Я сижу с полуприкрытыми глазами, сцепив пальцы на коленях. Холод от пропитанного пальто пробирается под кожу. Лес сменяется на пригород, за окном мелькают вывески, ларьки, аптечные кресты, шиномонтажи, разлапистые ели у обочины. Опускаю взгляд на торпедо. Там, где должна быть магнитола, зияет пустота.
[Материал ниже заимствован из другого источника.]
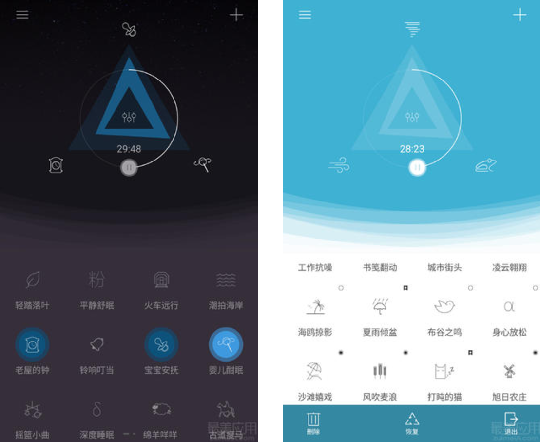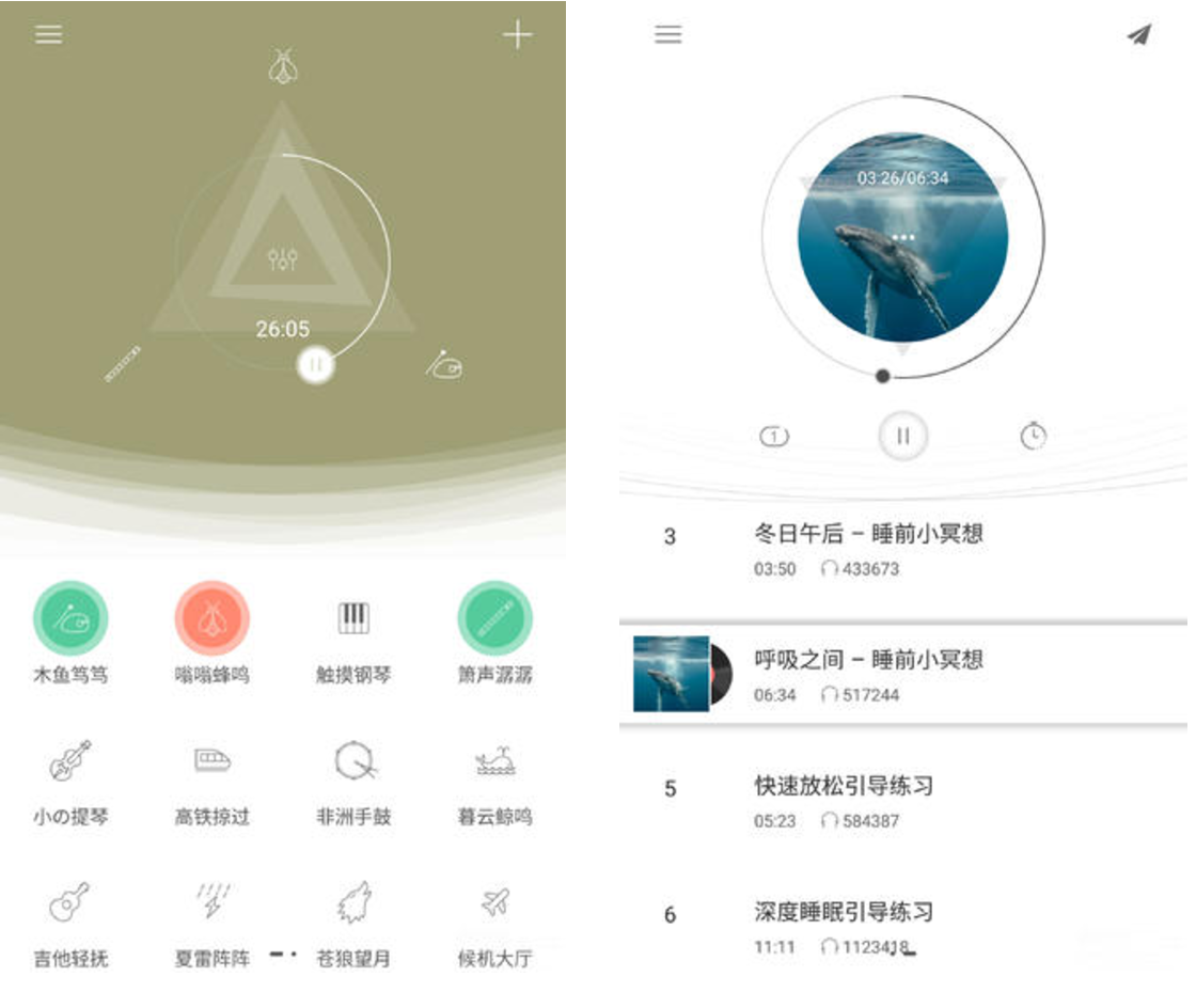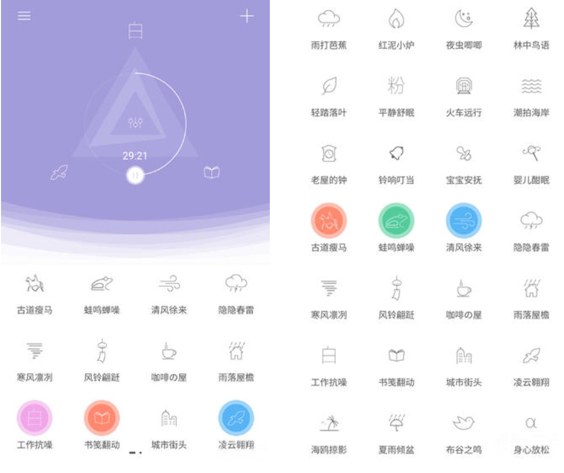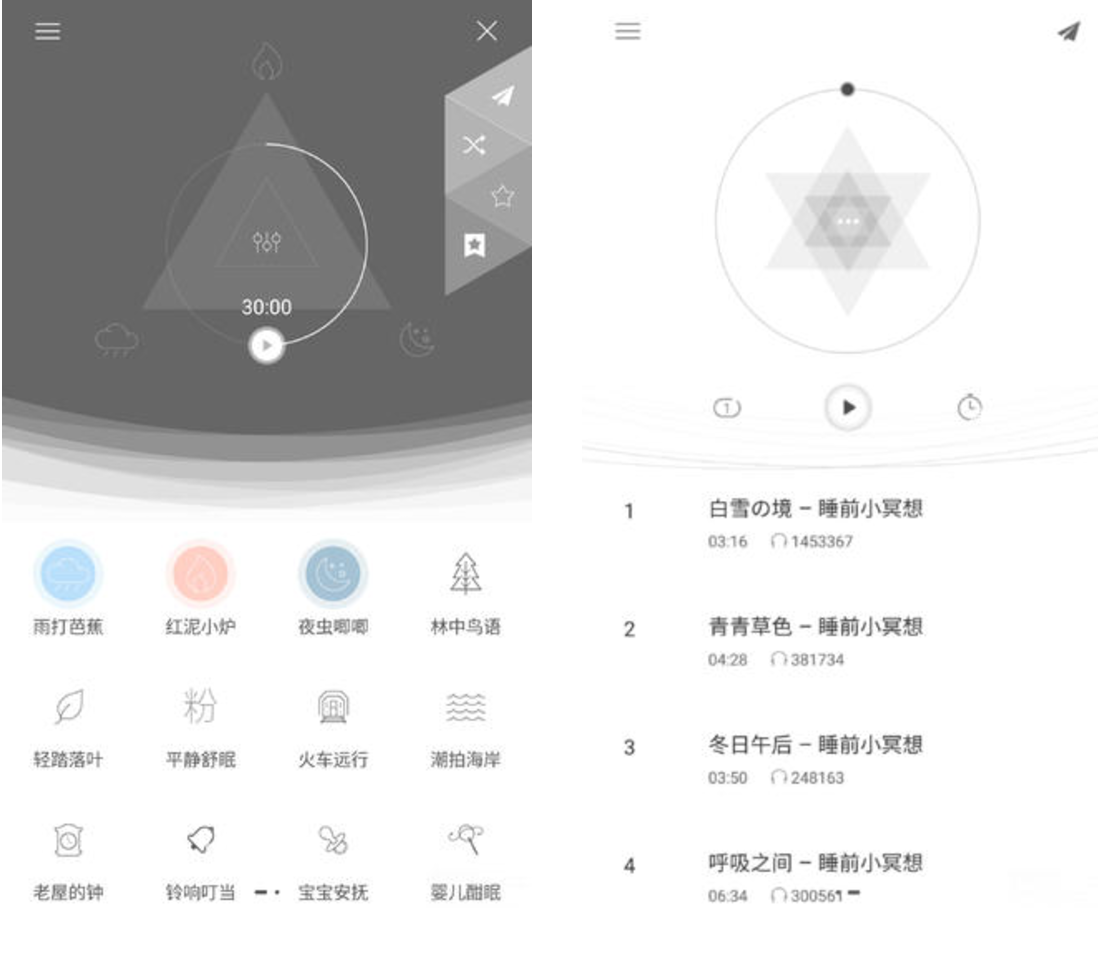 打开【小睡眠】App,映入眼前是一个超级简约的主界面,顶部是播放控制区,下方是声音列表,左上角是汉堡菜单,右上角功能加强区。主界面左滑进入一个新的人声引导语页面,整体布局与主界面类似。这样超简约设计,降低用户学习成本,上手难度为零。

Монотонный гул иногда прерывают сирены или грохот ползущих по трассе фур. И

среди этих тяжёлых звуков всё, что я старалась держать внутри, стало медленно подниматься наверх. Прислоняюсь лбом к стеклу. Взгляд упирается в нахально-радостный рекламный щит. Белый фон, вензеля, невеста и жених. «Сыграйте свою идеальную свадьбу уже в этом году!» – убеждает надпись в стиле нулевых.

Чувствую: внутри что-то дрогнуло. Делаю глубокий, прерывистый вдох Но едва воздух вырвался наружу через раздутые ноздри, как выдержка рассыпается. Закрываю лицо ладонями, будто это поможет удержать слёзы. Не получается.

Мужчина за рулём не говорит ни слова, но машина замедляется и съезжает на обочину. Краем глаза вижу, как водитель тянется к бардачку и извлекает оттуда пачку бумажных салфеток. Хочу поблагодарить, но сил хватает только на небольшой кивок.

– Мне жаль, – говорит он. – Соболезную.

Это не те слова, которые он привык говорить. Он явно видел смерть много раз, и много раз за его спиной рыдали, кричали и стонали от душевной боли. Но его работа – молча крутить руль.
– Нет, – отвечаю я. – Не в этом дело.
Он наконец поворачивает на меня голову. Будто обещая, что будет внимательно слушать.

– Больнее всего не от того, что он погиб, – продолжаю я. – А от того, с кем он погиб.

Салфетка в руках превратилась в комок мягкой бумаги. Достаю свежую и готовлюсь к исповеди.

– Он поехал в Турцию с любовницей. С этой... Викой, – я усмехнулась. – Я-то думала, он в командировке. А он… он жевал кебабы и трахал эту мышь в вонючем отеле.

Мужчина за рулём молчит. Он смотрит куда-то на обочину, но я знаю – он слушает. Хмурится, будто пытается понять, что я чувствую. Или прикидывает, как проходил отпуск у неверного муженька.

– Знаете, что самое обидное? – продолжаю я. – Что я не успела ему сказать, какая он мразь. Он не узнал, как я его ненавижу. Не узнал, что я в курсе предательства. Ни крика, ни пощёчины, ни даже сцены. Просто – бах! – и они отправились на том пластиковом скутере прямо на небеса.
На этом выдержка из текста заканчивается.